In the late 1970s and 1980s, African countries underwent economic and social reforms popularly referred to as structural adjustment programmes (SAPs). The reforms followed a period of sustained growth and improvement in the living standards of Africans after independence. With independence, governments across the continent made intentional effort to improve the welfare of their citizens. To achieve this, investment was made in education, health and agriculture resulting in a rise in education attainment, a reduction in child mortality rates and general improvement in nutrition.
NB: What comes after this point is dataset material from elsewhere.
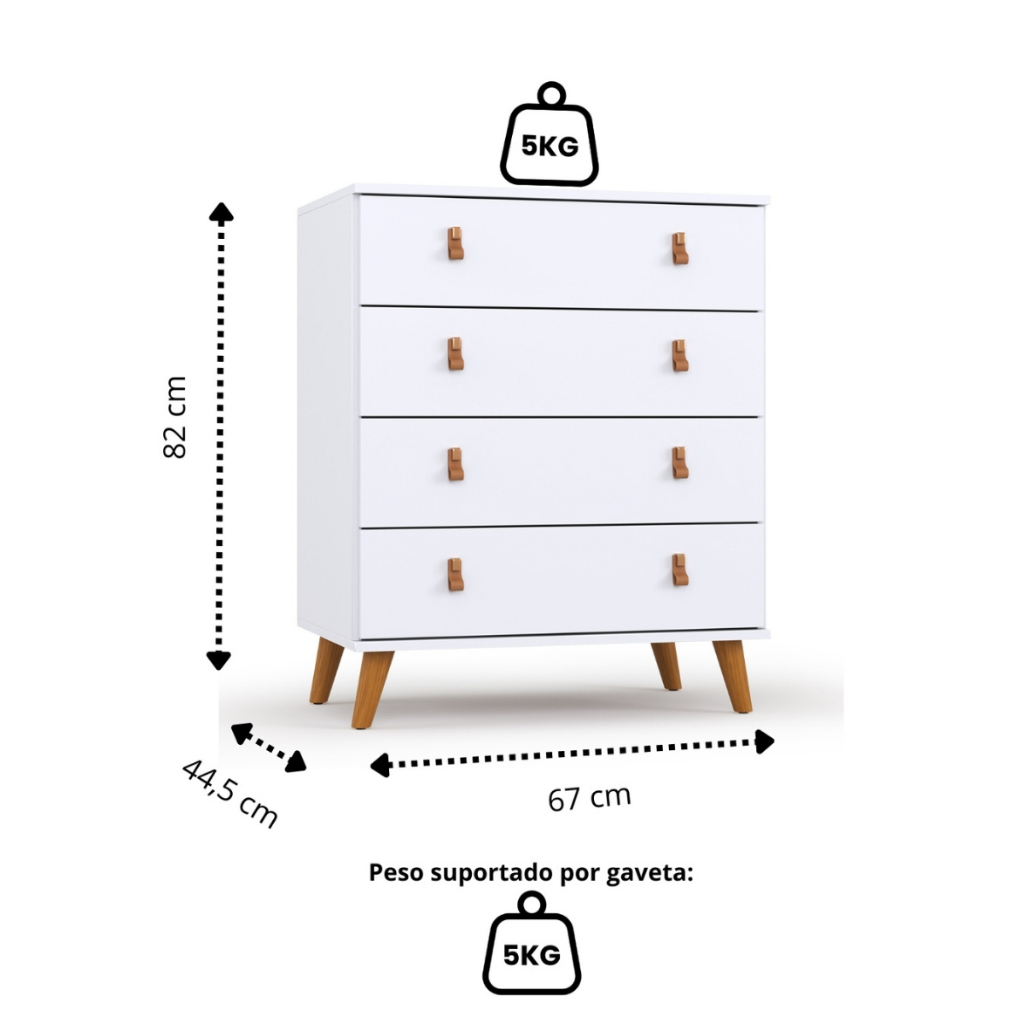 Cômoda Para Quarto Reforçada 4 Gavetas Espaçosas Luxo Encanto Frete Grátis

Sociologist Jimi Adésínà demonstrates how investment in social expenditure by governments in Tanzania, Ghana and Nigeria improved health outcomes in the three countries.
Coming from the colonial period when basic social services were provided based on race or through employment, post-colonial governments expanded access to the basic services for previously neglected Africans. This was driven by a need to create a well-educated, healthy population capable of taking over the colonial state. Of chief importance though, was the desire to improve people’s wellbeing and dignity. The universal approach to social service provision embraced by the governments at the time, aimed to achieve developmental goals but was also undertaken as part of the nation-building agenda.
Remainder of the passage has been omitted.